Source material
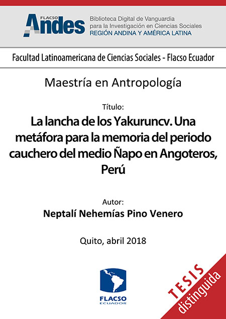 Pino Venero, Neptalí Nehemías. 2018. La lancha de los Yakuruncv. Una metáfora para la memoria del periodo cauchero del medio Ñapo en Angoteros, Perú. Tesis de maestría, Flacso Ecuador.
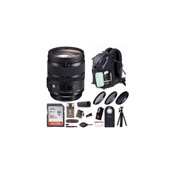 The Sigma 24-70mm F2.8 DG HSM OS Art is a premium workhorse zoom lens designed for the latest high megapixel DSLRs. A constant aperture of 2.8 through the zoom range makes this a highly versatile tool and a brand new Optical Stabilization (OS) system helps compensate for camera shake. Though a common focal length, the Sigma 24-70mm Art brings a new level of usability and durability featuring a rugged metal barrel and an emphasis on image quality. Building off the experience from the 12-24mm Art, the aspherical elements used in the 24-70mm f/2.8 OS Art undergo a highly precise level of polishing, producing elements thicker in the center than on the edges. This process creates stunning image quality and beautiful circular bokeh. Art LensEngineered for those who see photography as an expression of self, Sigma’s Art line offers sophisticated optical performance and abundant expressive power to deliver faithfully on your artistic vision.DG - DG for DigitalSigma's DG lenses are specifically designed to deliver the ultimate level of performance on full frame digital SLRs. Sigma DGs also maximize the abilities of 35mm SLR cameras and APS-C size DSLRs. Thanks to a complete and comprehensive approach to the correction of chromatic aberrations; you will experience incredible image clarity and smoothness. Specific attention was paid to helping eliminate color fringing often caused by lateral chromatic aberration, a problem that is magnified at high resolution in digital photography. DG lenses provide exceptionally high contrast along with subtle gradations in tone and color. The super Multi-Layer coating, along with Sigma's optimized optical design work reduces reflections between the image sensor and the lens surfaces. The large image circles of DG lenses mean there will always be enough peripheral illumination to avoid vignetting.HSM - Quiet and Fast AutofocusingHSM lenses employ a motor powered by ultrasonic waves that produce a quiet, yet high-speed AutoFocus. You can enjoy high performance with low noise in a variety of shooting situations.IF – Inner FocusTo ensure stability in focusing, this lens moves the inner lens group without changing the lens’ physical length.OS - Optical StabilizerThis function utilizes a built-in mechanism that compensates for camera shake. It dramatically expands photographic possibilities by alleviating cameras movement when shooting by hand held camera.Outstanding Optical PerformanceThree SLD (Special Low Dispersion) glass lens elements and four aspherical lens elements minimize optical aberrations. To ensure outstanding edge-to-edge image quality, the optical system minimizes coma, which causes points of light to streak, and transverse chromatic aberration, which cannot be corrected via aperture control. The optical system also minimizes distortion, which can be especially prominent in wide-angle shots.Bokeh That’s a Cut AboveAt wide-open aperture, this lens offers outstanding photographic expression. The area in focus is extremely sharp, while the background exhibits a beautiful bokeh effect with only slight spherical aberration. Since large-diameter zoom lenses are often used at wide-open aperture, SIGMA has paid close attention to the shape of the bokeh, aiming for perfect circularity. Perfect for capturing every moment..
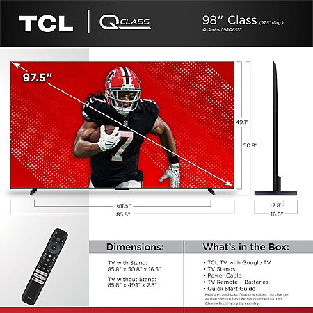 TCL 98” Class Q6 (98Q651G) 4K UHD 120Hz HDR QLED Smart TV with Google TV $1299.99
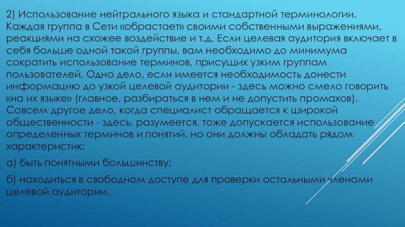 «обрастает» своими собственными выражениями, реакциями на схожее воздействие и т.д. Если целевая аудитория включает в себя больше одной такой группы, вам необходимо до минимума сократить использование терминов, присущих узким группам пользователей. Одно дело, если имеется необходимость донести информацию до узкой целевой аудитории - здесь можно смело говорить «на их языке» (главное, разбираться в нем и не допустить промахов). Совсем другое дело, когда специалист обращается к широкой общественности - здесь, разумеется, тоже допускается использование определенных терминов и понятий, но они должны обладать рядом характеристик:
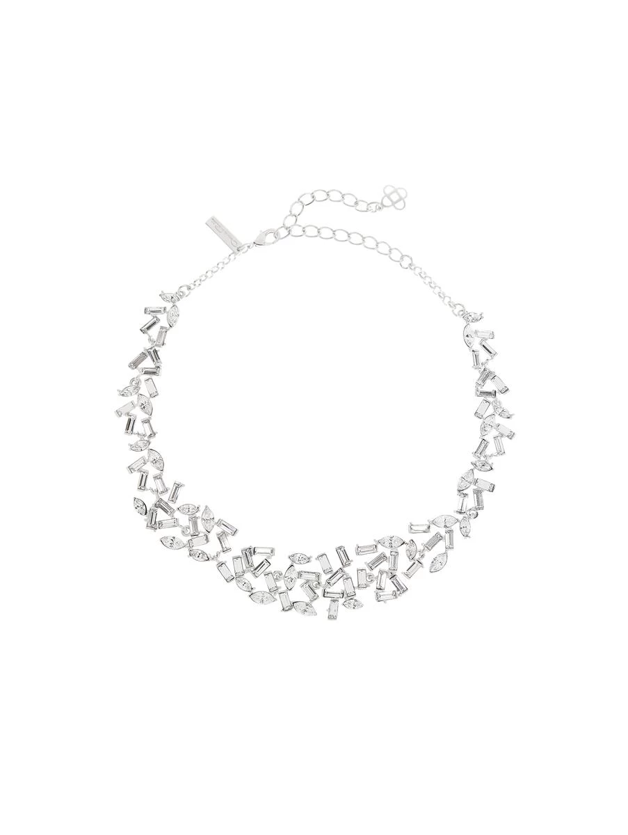 Channel Oscar de la Rental’s signature opulence with this shimmering necklace. Set with degrade multi-shaped glass crystals, this necklace is sure to catch the light from every angle. Pair with either the coordinating bracelet or earrings to maximize shine.
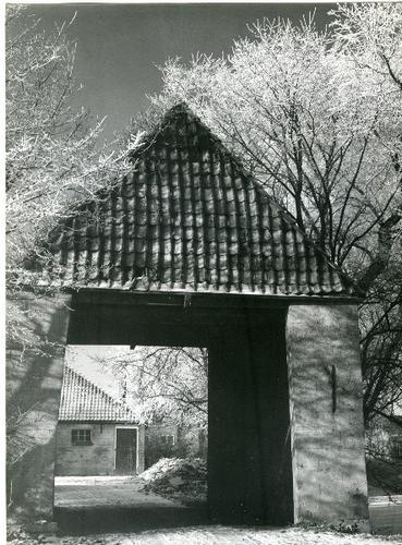 Foto in zwart-wit van een poort bij een boerderij do...
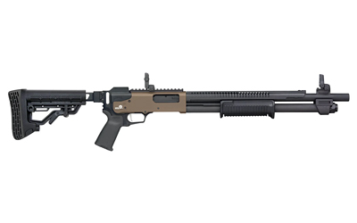 Mossberg 509R Chisel, Pump-Action Shotgun, 12 Gauge, 2.75" Chamber, 18.5" Barrel, Cylinder Choke, Cerakote Finish, FDE Receiver, Black Furniture, Folding Adjustable Buttstock, Magpul MOE Grip, Magpul MBUS, Rotary Safety Selector, 6 Rounds 50233
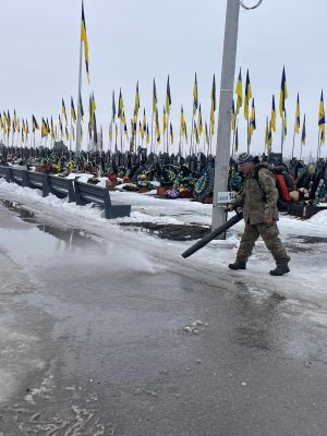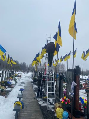 - Прибирання снігу та заміна прапорів на Алеї військових поховань (кладовище по вул. І. Котляревського).
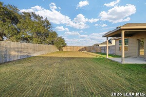 Single-story residence located in the highly desirable and rapidly growing Hunters Ranch subdivision. Step inside to soaring ceilings and luxury vinyl flooring throughout the main living areas, creating a bright and modern atmosphere. The thoughtful layout places two secondary bedrooms at the front of the home, with the private primary suite tucked away at the back for added separation. The kitchen is a true highlight, opening seamlessly to the living and dining areas and featuring a refrigerator, gas range, and a spacious center island with bar-style seating. All major appliances are included, including a washer and dryer, and the home's renowned energy efficiency helps keep utility costs low. Outside, enjoy one of the largest backyards in the neighborhood from the covered patio-ideal for relaxing or entertaining. With generous outdoor space and a move-in ready interior, this exceptional home is ready to welcome its next resident.

Brief
Starting at the line that holds "Foto in zwart-wit", reproduce each line through the last one of the listing, and nothing more; the pictures stay out.

Exercise response
 Foto in zwart-wit van een poort bij een boerderij do...
 Mossberg 509R Chisel, Pump-Action Shotgun, 12 Gauge, 2.75" Chamber, 18.5" Barrel, Cylinder Choke, Cerakote Finish, FDE Receiver, Black Furniture, Folding Adjustable Buttstock, Magpul MOE Grip, Magpul MBUS, Rotary Safety Selector, 6 Rounds 50233
 - Прибирання снігу та заміна прапорів на Алеї військових поховань (кладовище по вул. І. Котляревського).
 Single-story residence located in the highly desirable and rapidly growing Hunters Ranch subdivision. Step inside to soaring ceilings and luxury vinyl flooring throughout the main living areas, creating a bright and modern atmosphere. The thoughtful layout places two secondary bedrooms at the front of the home, with the private primary suite tucked away at the back for added separation. The kitchen is a true highlight, opening seamlessly to the living and dining areas and featuring a refrigerator, gas range, and a spacious center island with bar-style seating. All major appliances are included, including a washer and dryer, and the home's renowned energy efficiency helps keep utility costs low. Outside, enjoy one of the largest backyards in the neighborhood from the covered patio-ideal for relaxing or entertaining. With generous outdoor space and a move-in ready interior, this exceptional home is ready to welcome its next resident.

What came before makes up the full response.